Generally speaking, you are right in your interpretation of the audience’s reaction in that particular episode: to be 43 years old and make public your virginity would in most circumstances elicit a response of shock. Sex culture is very pervasive in North American society, and people are confronted with sex in different media forms from an early age. To make it to 43 and not have experienced sexual intercourse would most likely come as a surprise to anyone, except certain individuals.

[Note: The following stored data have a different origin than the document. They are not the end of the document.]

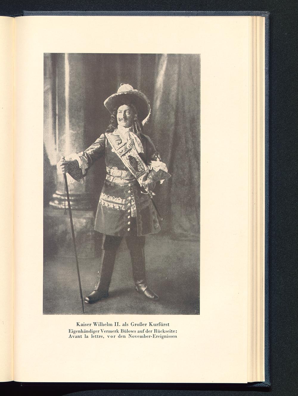 Kaiser Wilhelm II. als Großer KurfürstEigenhändiger Vermerk Bülows auf der Rückseite:Avant la lettre, vor den Novcmher-Ereignissen
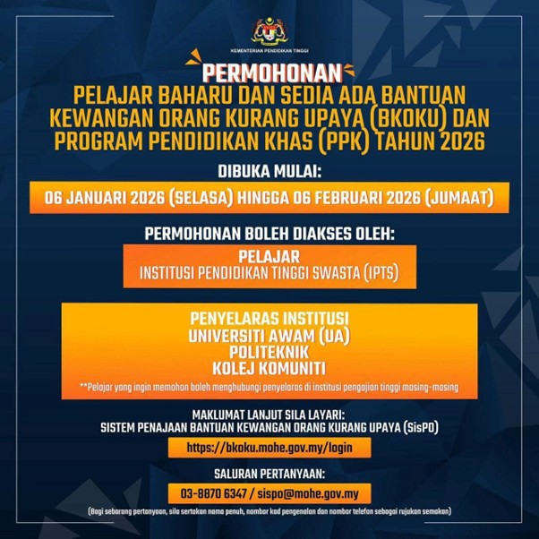 Financial Assistance for Persons with Disabilities (BKOKU) and the Special Education Programme (PPK) for new and continuing students via the Persons with Disabilities Sponsorship System (SisPO) for the year 2026.
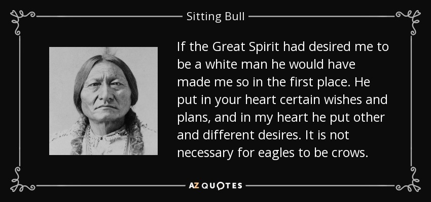 If the Great Spirit had desired me to be a white man he would have made me so in the first place. He put in your heart certain wishes and plans, and in my heart he put other and different desires. It is not necessary for eagles to be crows.
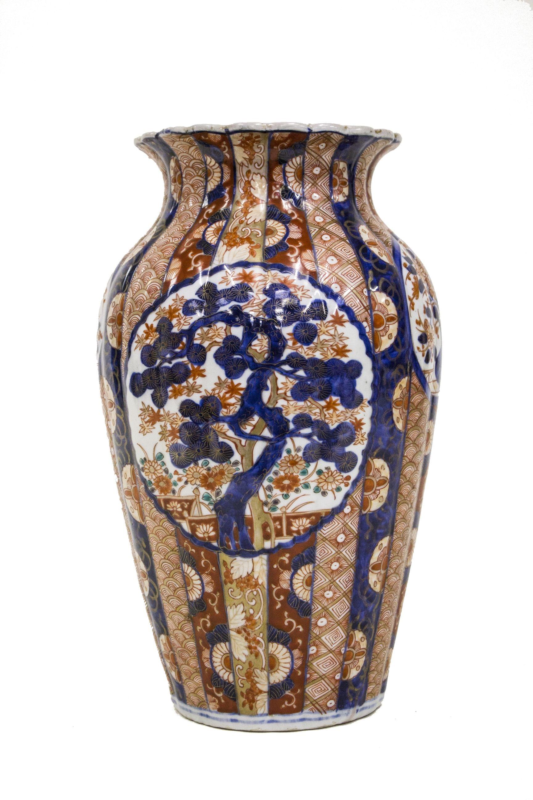 Porcelaine émaillée bleu rouge et or à décor de fleurs dans des réserves, H 32 cm
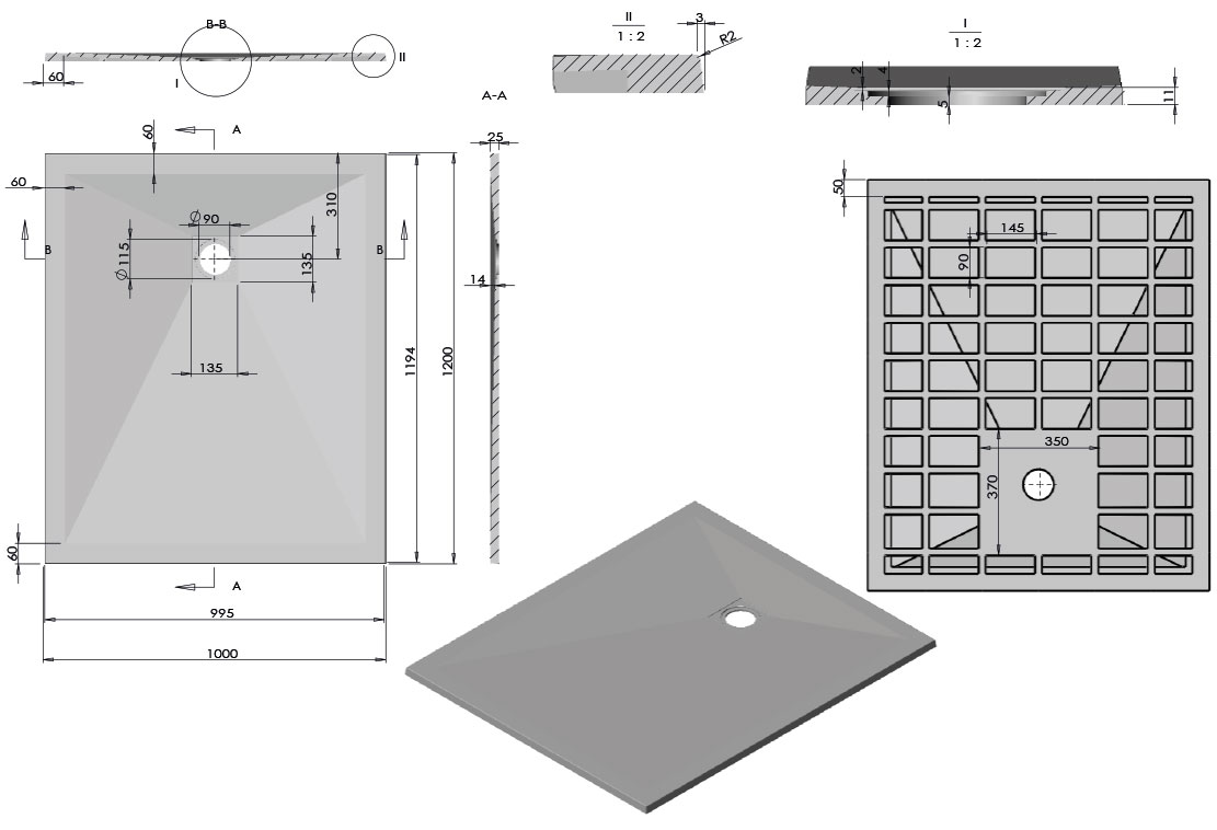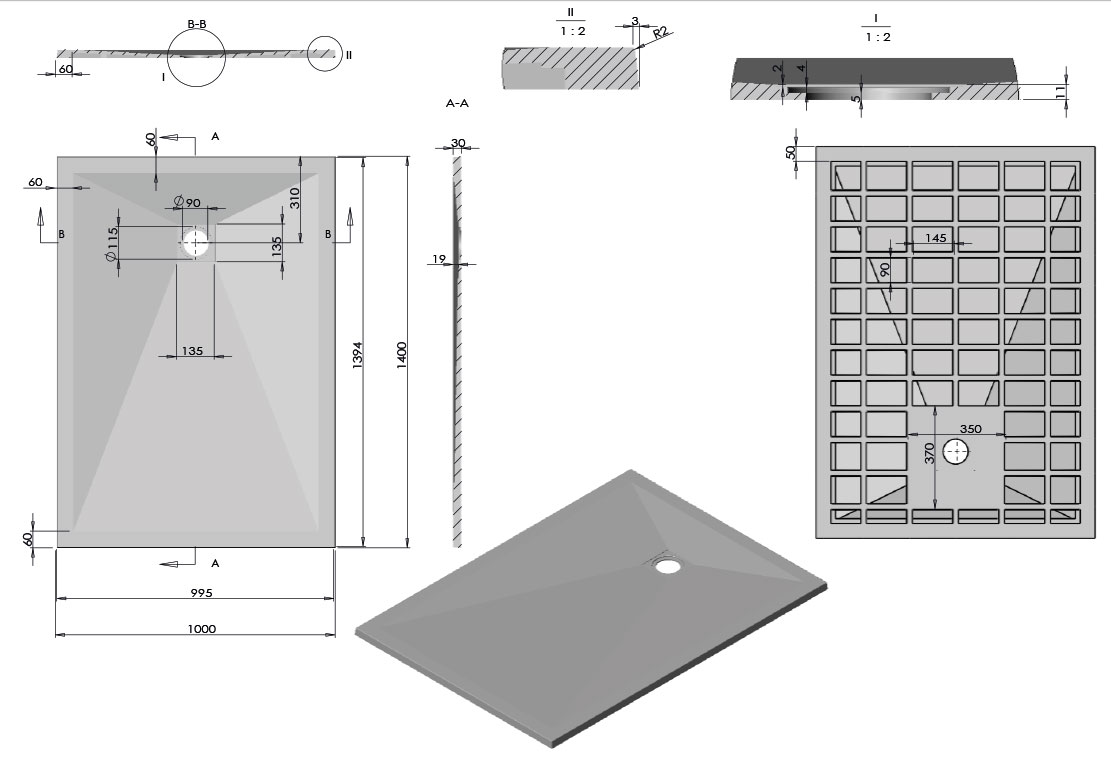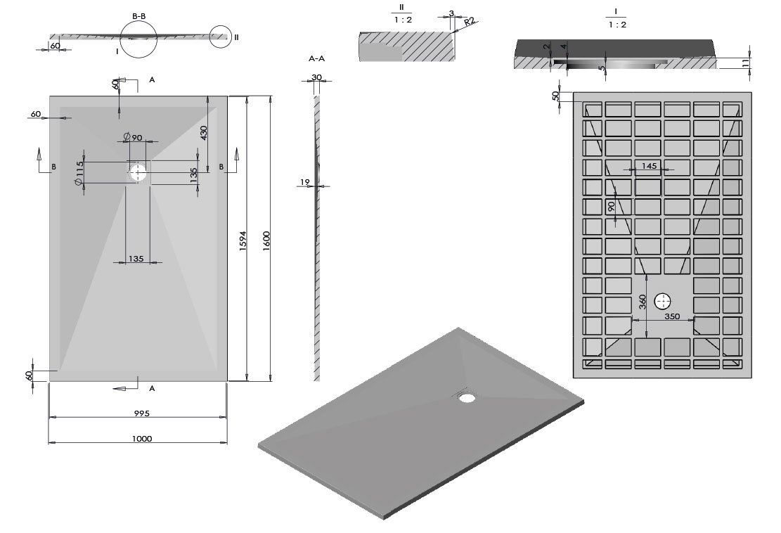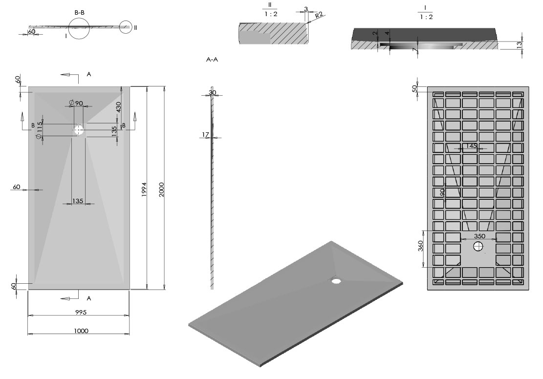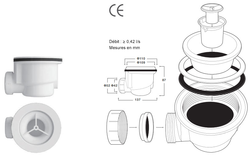 Extra-plat. Sa surface antidérapante est antibactérienne. Il est redécoupable, ce qui lui permet de s'adapter à toutes les formes de murs. La grille noire carré et la bonde sont incluses. Garantie 3 ans.
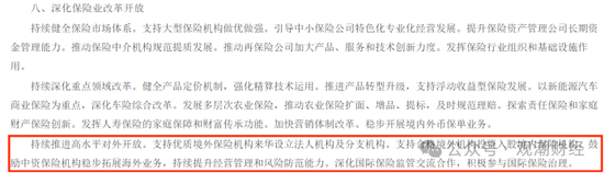 今年9月,国务院印发的《关于加强监管防范风险推动保险业高质量发展的若干意见》中提出,持续推进高水平对外开放,支持优质境外保险机构来华设立法人机构及分支机构,支持合格境外机构投资入股境内保险机构。

This is very much due to sexual intercourse not being highly looked down upon out of wedlock, and because having sex prior to marriage is not forbidden by law in either Canada or the United States. To have sex with a minor (18 in the states; 16 in Canada) is illegal if you are not a consenting minor yourself, but aside from this, sex is a very private experience and not regulated by government. Culturally, pre-marital sex is a less-contentious issue in North America than in the Arab world, or predominantly Islamic societies. Not all, but many people enjoy the freedom to pursue sexual activity – sometime with many people – long before being married, and some parents will provide their daughters and sons with contraceptives (birth control and condoms) to prevent them from procreating. The prevailing sentiment regarding the move to place a girl on birth control or give a boy condoms is that parents can do very little to prevent their children from becoming sexually active, so they desire to educate them and give them the tools to be safe and healthy in their approach to having sex. Birth control and condoms are a part of this safeguard-education process, along with informing girls and boys about the risks associated with sex, including sexually transmitted infections, disease, and emotional burdens.
In response to your questions, no, I would not advocate a heightened regulation of sexual activity for those under the age of 18, and would not advocate much regulation at all beyond laws protecting minors from predators. My opinion on this subject and many other analogous situations is that preparing teenagers to make educated, safe choices is a favourable approach to creating a fear culture surrounding the issue through prohibition. Whether or not I chose to engage in sexual activity, I would feel very threatened living in a country that prohibited pre-marital sex, as I consider freedom of choice to be a paramount right in any modern, global society. This should give you some insight into how I feel about the Arab approach to governing pre-marital sexual relations.
I hope this answered your questions and helps you in your understanding of North American sex culture.